Read: 11 February, 2017
After the death of the titular naturalist, his wife, her companion, and his half-Brazilian son from a previous marriage decide to complete the planned expedition to Brazil. As they travel, all three must work through their grief – their grief at the naturalist’s death, as well as the long ignored griefs of their past.
Reading the set up, it’s hard to imagine a book more perfectly tailored to me. We have a Canadian author writing about a 19th century Quaker exploring the Amazon. It’s like York specifically set out to write a novel just for me!
And, for the most part, it delivers. I loved the sprinkling of Portuguese dialogue (and was surprised by just how much I could understand, thanks to my background of French and two years of Spanish classes in high school!), and the descriptions of the jungle were really interesting.
Where it fell a little short was in the characters themselves. Rachel is set up to be torn between her very conservative religious background and the freedom offered her by her bold mistress, but the conflict seems largely resolved by the time the story starts.
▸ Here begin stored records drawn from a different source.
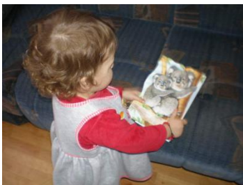
Slika 2: „I ja se znam koristiti bibliotekom“

osnovnim i srednjim školama. Sve knjige su evidentirane po registarskim brojevima i koriste se kao i u bilo kojoj drugoj biblioteci ili čitaoni.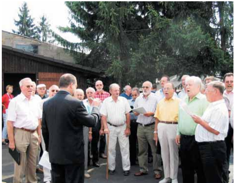
Traditionell dabei: die Singgemeinschaft Hechtsheim

Ausgewählte Lieder erklangen durch die Sänger der Singgemeinschaft Hechtsheim zum Fröhschoppen. Der bewährte Kinderflohmarkt bot reichhaltige Auswahl von Spielzeug und mehr. Eine Hüpfburg und verschiedene Geschicklichkeitsspiele, organisiert durch den Jugendausschuss des Vereins, boten Spiel und Spaß für die jüngeren Besucher.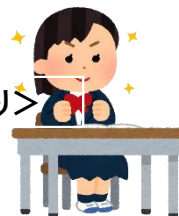
<事後のアンケート:自由記述より>

3人の先輩方とも、たとえどんな形であろうと最終的に自分の好きなこと、やりたいことの職業で働いていて、すごいと思いました。 私も先輩にならって自分の夢に向かって努力していきたいと思いました。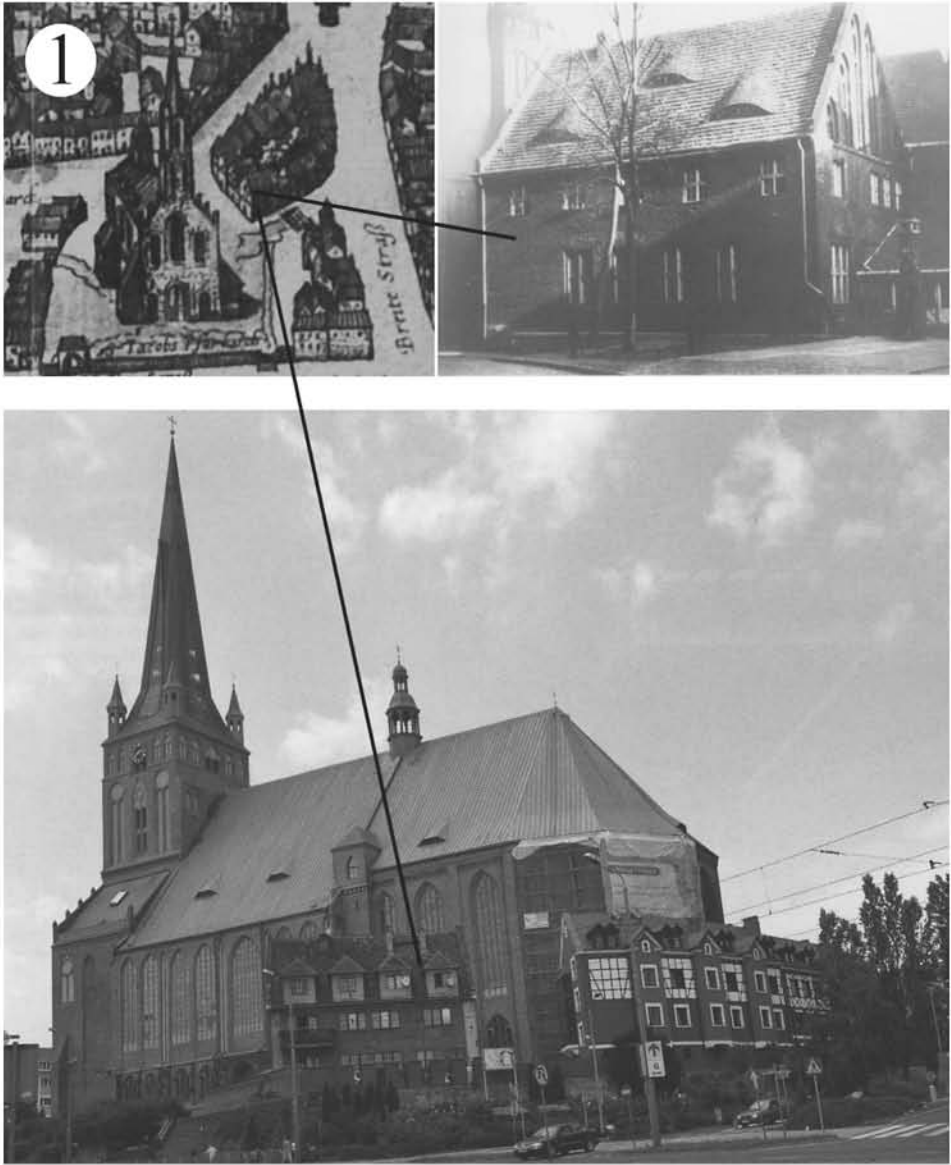
Ryc. 3. Kościół św. Jakuba od strony południowej, widok obecny, u góry Dom Przeora Fig. 3. St James' church from the south side, current view, at the top Prior's House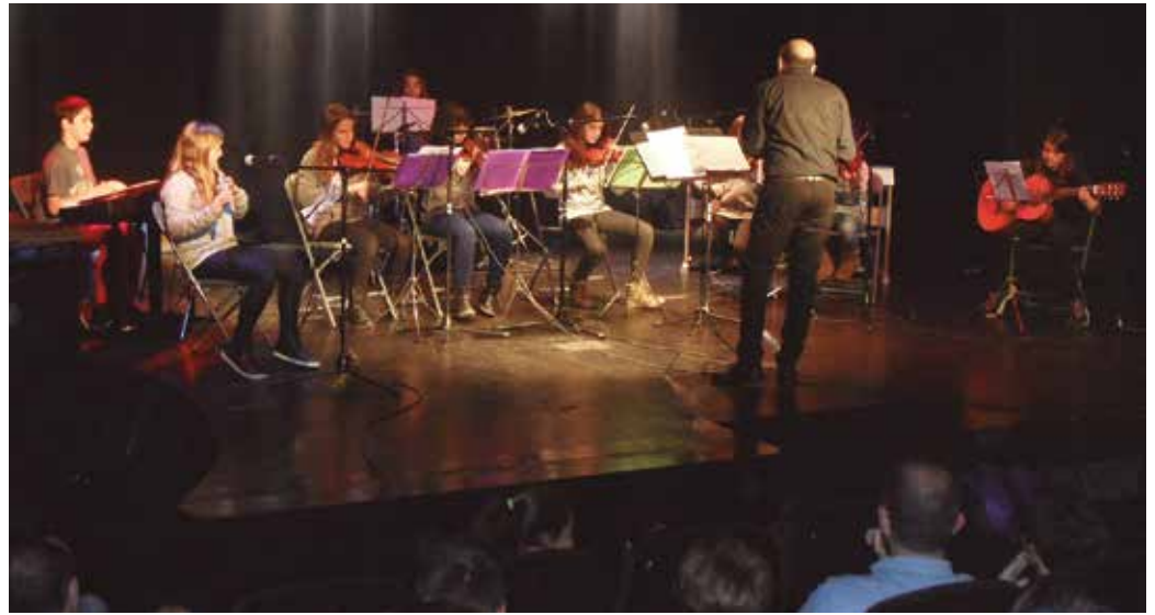
Zumarteko pop rock taldeen kontzertua Mikel Laboa plazan izango da. Martxoaren 25ean, eguerdiko 12:00etan.

We get a bit of it in flash backs, but that’s about it.
Paul should be a very interesting character. He is mixed-race, and severed from his mother’s culture through her death in childbirth. In addition to this, he is the son of a passionate naturalist but not being particularly into biology himself (a conflict that becomes even more interesting when we discover that his father’s passions had put him in opposition to his own parents as well). It all should be very compelling. And there are glimpses, but he ends up spending so much of his time passively reading his father’s journal while we get too little of how he is processing what he learns.
Iris is mostly kept at arm’s length, but I’m okay with this. It would have been nice to see her journey more intimately, but we only ever see her through the eyes of others. Still, given her importance to Rachel’s character arc, this does somewhat work – especially since evidences of Iris’s own arc are present in how she is described. She’s left up to the reader to translate, just as she is translated by Paul and Rachel. She could easily have been the main character of this book, but I’m okay with the way she is distanced and, to an extent, objectified by the others. It works.
This isn’t a book with a big climax or epiphany. It’s a journey, characters grow in the course of it, and then it ends. My only complaint is that, while the journey part was interesting, it overwhelmed the character parts. We saw too little of our main characters, too little of how they react to experiences and discoveries, and we don’t get to see much of their growth. While some of that is because York chooses to imply their feelings through descriptions of their physical actions, a lot of it is because it just doesn’t happen. Too much of their development happened off-screen, before the plot began, and we only learn about it after the fact. That, combined with an over-reliance on flashbacks near the beginning of the book, holds it back from shining.